## [Problem details]
Write out again the lines from the line with "アフリカ布のティアードスカート ピーコック柄/黄緑×パープル" up to and including the line with "The trousers are", exactly as they stand below, and skip any picture.

## [Input for this task]
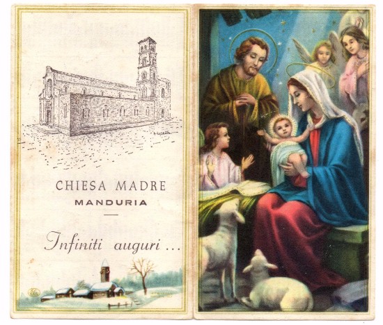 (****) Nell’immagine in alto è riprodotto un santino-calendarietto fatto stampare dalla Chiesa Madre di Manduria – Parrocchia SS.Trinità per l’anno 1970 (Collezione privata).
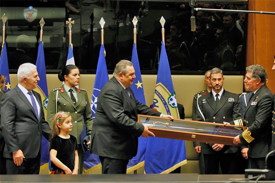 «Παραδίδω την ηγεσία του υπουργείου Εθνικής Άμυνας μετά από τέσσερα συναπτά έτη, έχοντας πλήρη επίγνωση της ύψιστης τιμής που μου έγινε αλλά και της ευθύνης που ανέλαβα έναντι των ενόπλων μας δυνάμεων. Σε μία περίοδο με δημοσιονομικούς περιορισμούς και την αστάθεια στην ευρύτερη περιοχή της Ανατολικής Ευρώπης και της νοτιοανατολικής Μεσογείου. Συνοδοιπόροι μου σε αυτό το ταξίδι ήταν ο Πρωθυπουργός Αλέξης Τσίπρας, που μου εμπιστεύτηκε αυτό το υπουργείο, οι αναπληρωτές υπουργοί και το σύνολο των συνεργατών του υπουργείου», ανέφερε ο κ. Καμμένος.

--

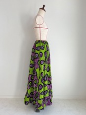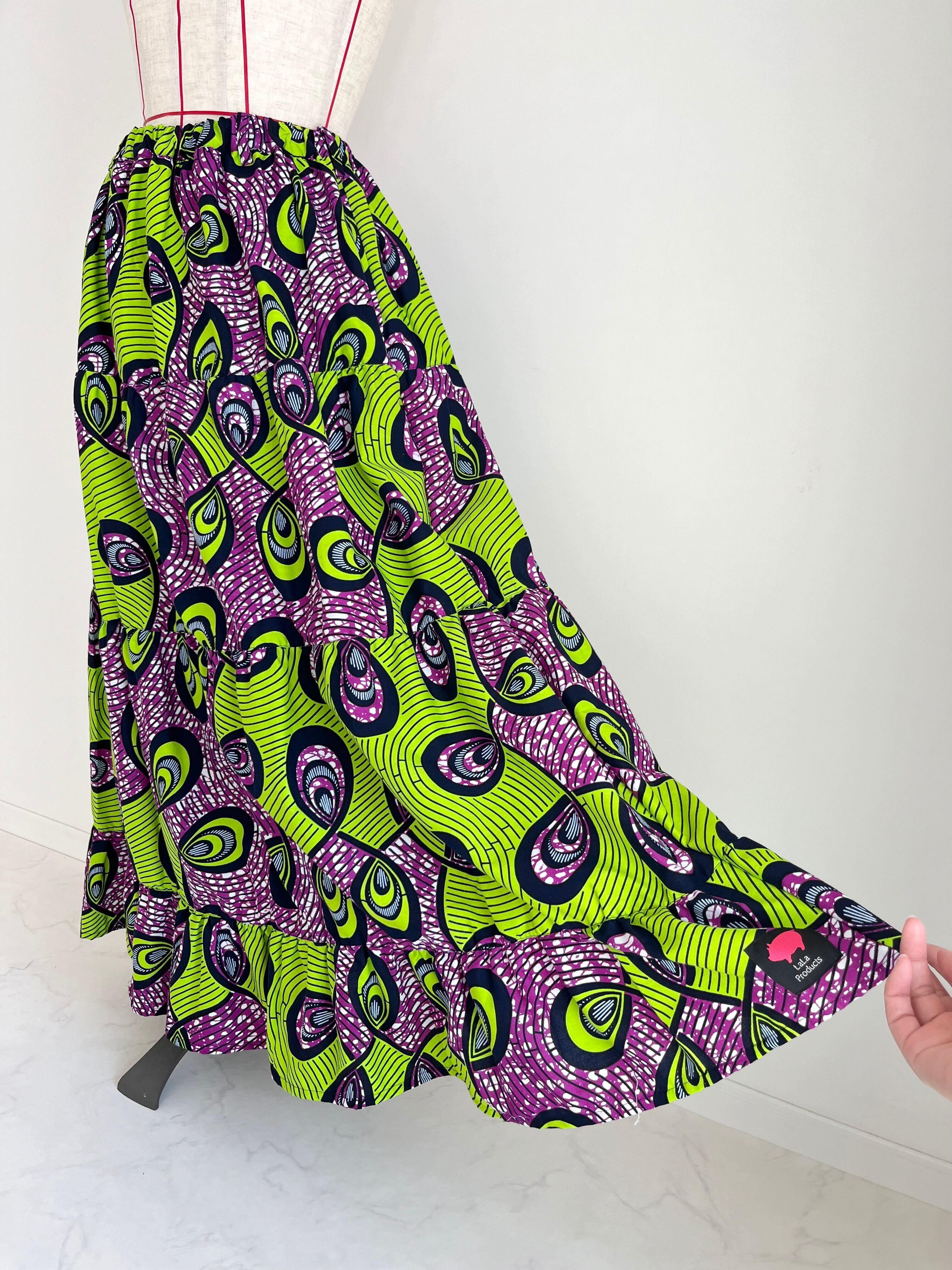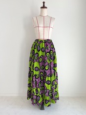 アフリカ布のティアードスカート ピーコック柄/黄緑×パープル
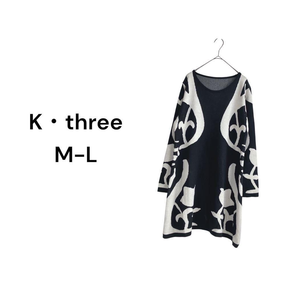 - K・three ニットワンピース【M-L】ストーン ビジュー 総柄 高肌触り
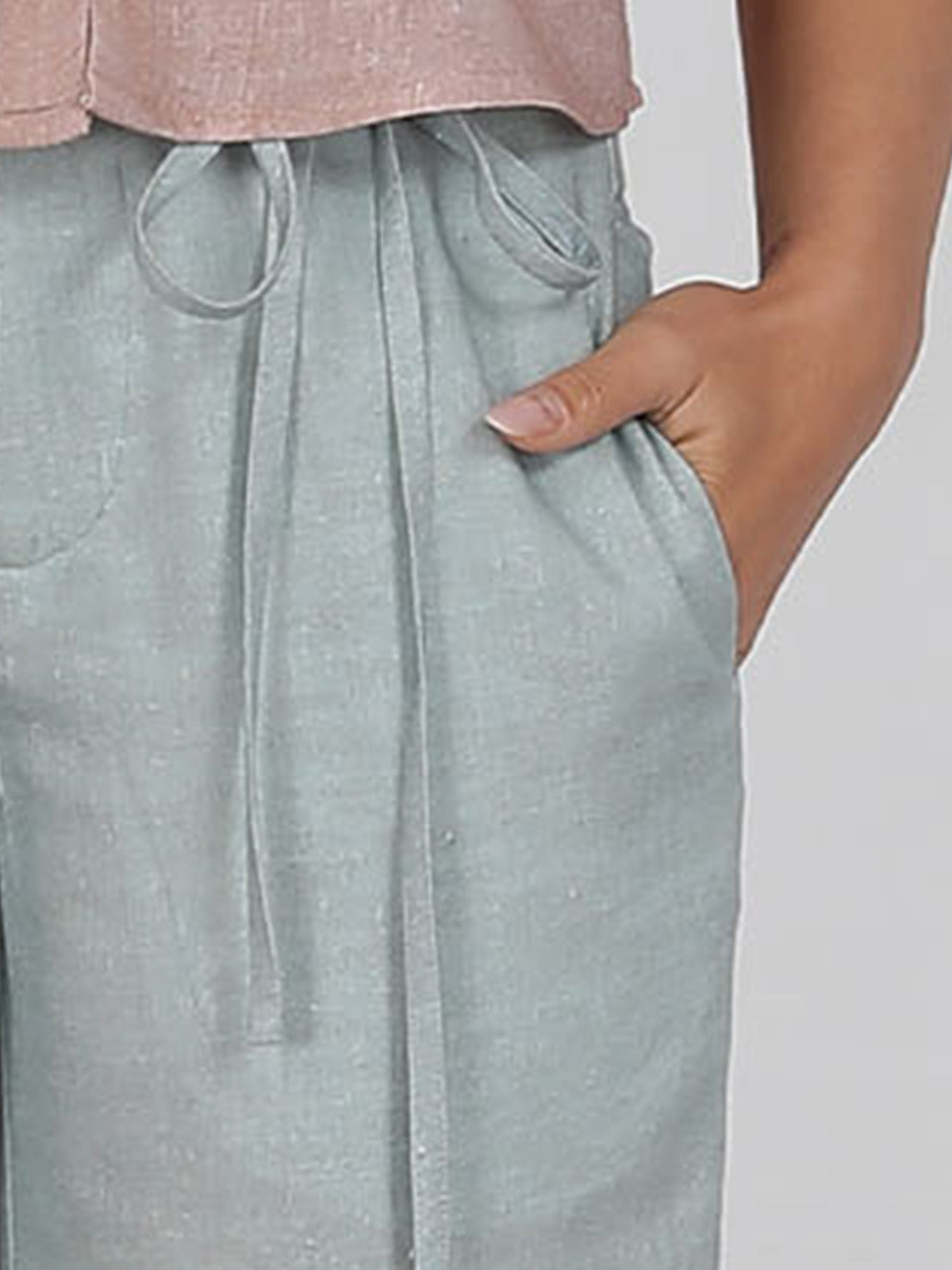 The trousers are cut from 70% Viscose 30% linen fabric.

---

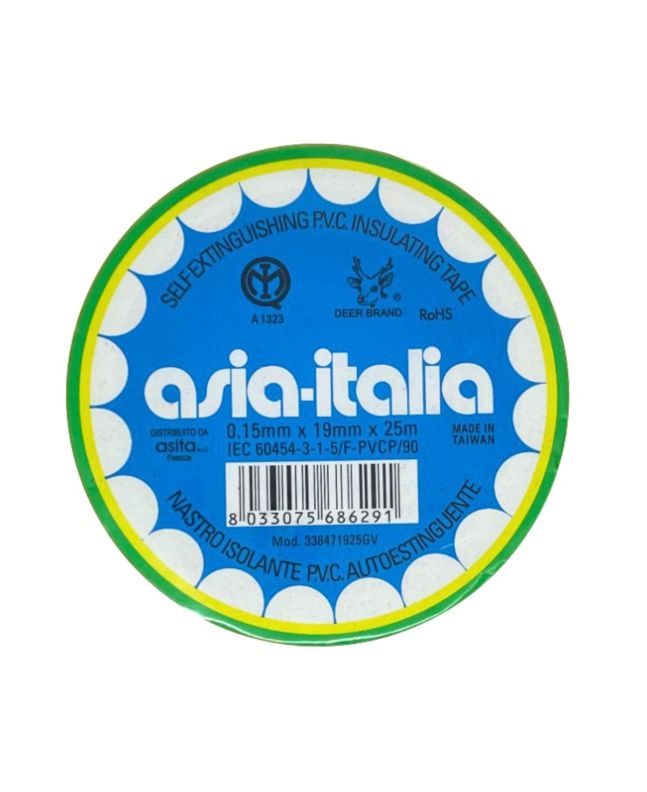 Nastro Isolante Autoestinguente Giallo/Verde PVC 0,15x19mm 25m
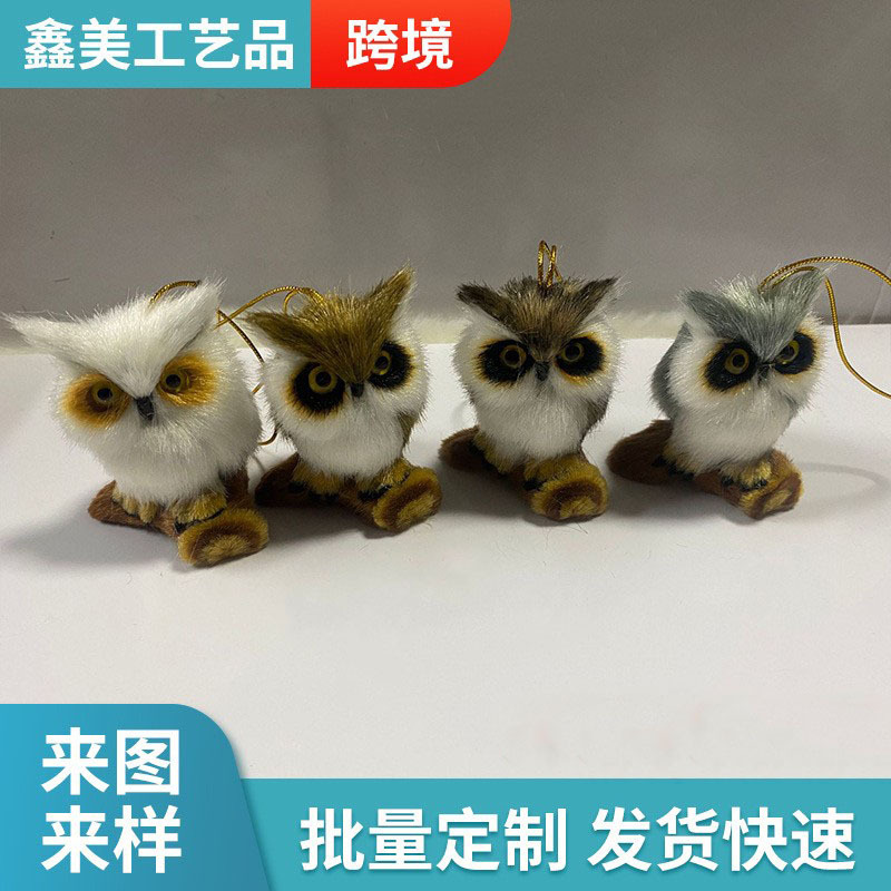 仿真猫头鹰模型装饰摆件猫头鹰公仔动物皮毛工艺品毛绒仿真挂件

## [Answer for the task]
 アフリカ布のティアードスカート ピーコック柄/黄緑×パープル
 - K・three ニットワンピース【M-L】ストーン ビジュー 総柄 高肌触り
 The trousers are cut from 70% Viscose 30% linen fabric.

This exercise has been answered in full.